[DATA EXTRACT — start]

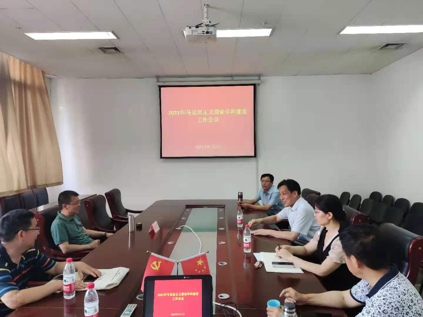 6月11日下午,马克思主义学院在606会议室举办2021年马克思主义理论学科建设工作会议。山东大学儒学高等研究院马来平教授、山东省社会科学院杨晓伟主编、院党委书记郄悍烈、院长沈大光、副院长张高臣、副院长徐莹出席会议。马克思主义学院学科骨干教师、学生代表三十余人参加座谈会,会议由副院长徐莹主持。
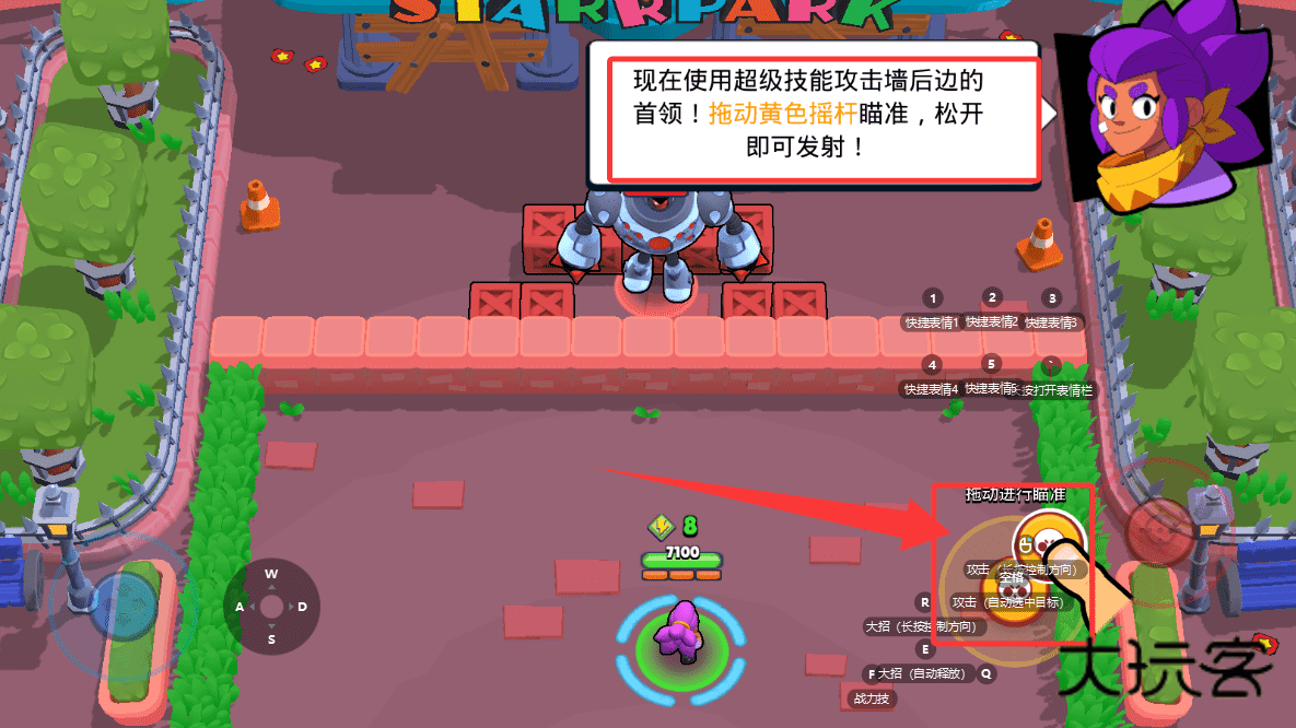 4、最终面对隐藏的首领时,拖动黄色摇杆蓄力瞄准其所在位置,把握时机释放超级技能穿透障碍,利用实时观察功能调整策略,完成对高难度目标的精准打击。
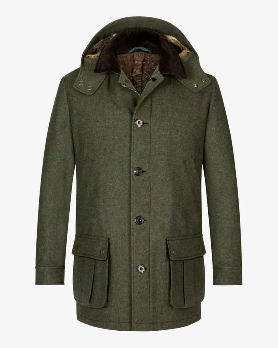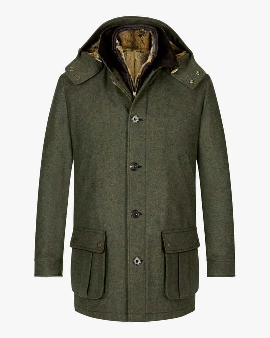 Antonius 2-in-1 Jacke für Herren von Habsburg in Khaki. Der gerade geschnitteneMantel präsentiert sich mit Ellbogen-Patches und melierter Optik, währendklassische Details einen modischen sowie traditionellen Begleiter für Büro undFreizeit schaffen. Highlight ist die herausnehmbare Weste in Stepp-Optik mithochwertigem Hamsterbesatz im Innenfutter.
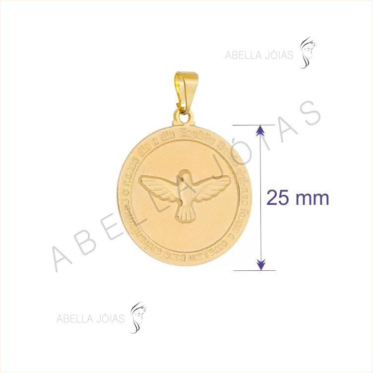 PINGENTE REDONDO C/ ORAÇÃO E ESPÍRITO SANTO 25MM
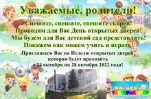Уважаемые, родители! Спешите, спешите, спешите скорей! Проводим для Вас День открытых дверей! Мы будем для Вас детский сад представлять! Покажем как можем учить и играть! Приглашаем Вас на Неделю открытых дверей, которая будет проходить с 24 октября по 28 октября 2022 года!
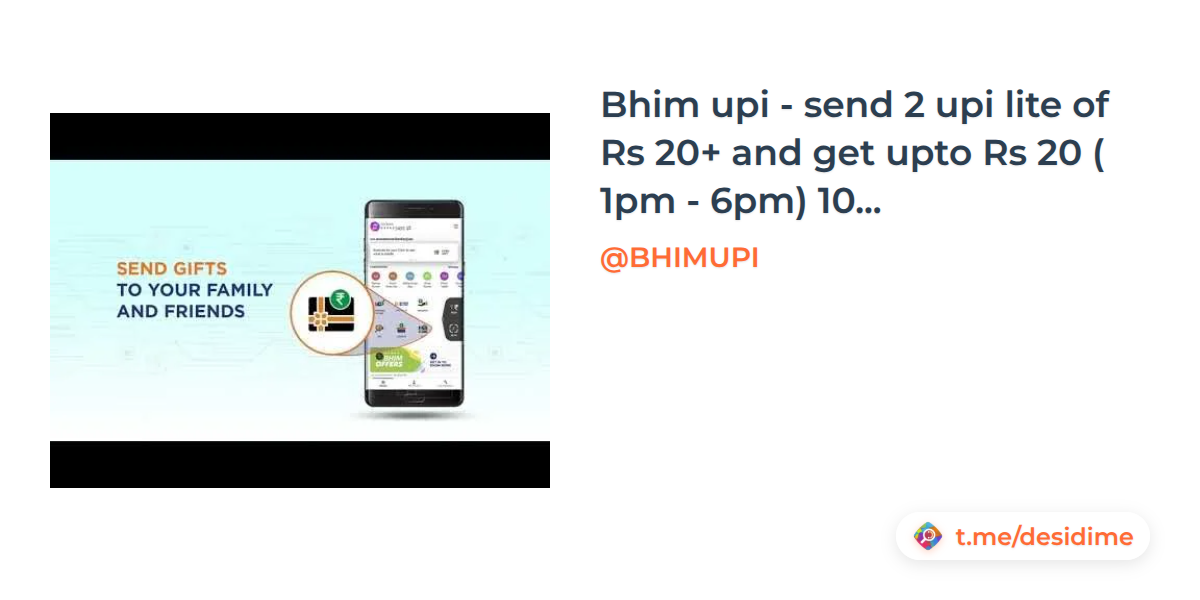 Bhim upi - send 2 upi lite of Rs 20+ and get upto Rs 20 ( 1pm - 6pm) 10 feb
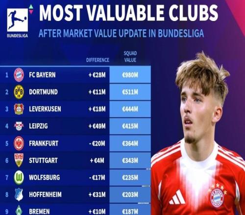 德甲俱乐部身价榜:拜仁9.8亿欧断档领先,海登海姆5380万最低
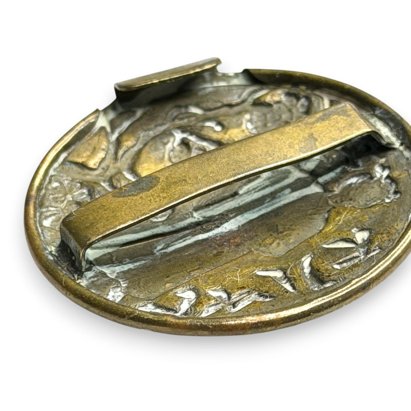 This belt buckle is in good condition. The brass is slightly worn but the image is still very clear. Please review the included photos of the actual item to make a complete determination of its condition.

[DATA EXTRACT — finish]

• [ASSIGNED TASK]:
Line by line, write out the records above exactly, skipping the pictures.

• [SOLUTION FOR THIS TASK]:
 6月11日下午,马克思主义学院在606会议室举办2021年马克思主义理论学科建设工作会议。山东大学儒学高等研究院马来平教授、山东省社会科学院杨晓伟主编、院党委书记郄悍烈、院长沈大光、副院长张高臣、副院长徐莹出席会议。马克思主义学院学科骨干教师、学生代表三十余人参加座谈会,会议由副院长徐莹主持。
 4、最终面对隐藏的首领时,拖动黄色摇杆蓄力瞄准其所在位置,把握时机释放超级技能穿透障碍,利用实时观察功能调整策略,完成对高难度目标的精准打击。
 Antonius 2-in-1 Jacke für Herren von Habsburg in Khaki. Der gerade geschnitteneMantel präsentiert sich mit Ellbogen-Patches und melierter Optik, währendklassische Details einen modischen sowie traditionellen Begleiter für Büro undFreizeit schaffen. Highlight ist die herausnehmbare Weste in Stepp-Optik mithochwertigem Hamsterbesatz im Innenfutter.
 PINGENTE REDONDO C/ ORAÇÃO E ESPÍRITO SANTO 25MM
Уважаемые, родители! Спешите, спешите, спешите скорей! Проводим для Вас День открытых дверей! Мы будем для Вас детский сад представлять! Покажем как можем учить и играть! Приглашаем Вас на Неделю открытых дверей, которая будет проходить с 24 октября по 28 октября 2022 года!
 Bhim upi - send 2 upi lite of Rs 20+ and get upto Rs 20 ( 1pm - 6pm) 10 feb
 德甲俱乐部身价榜:拜仁9.8亿欧断档领先,海登海姆5380万最低
 This belt buckle is in good condition. The brass is slightly worn but the image is still very clear. Please review the included photos of the actual item to make a complete determination of its condition.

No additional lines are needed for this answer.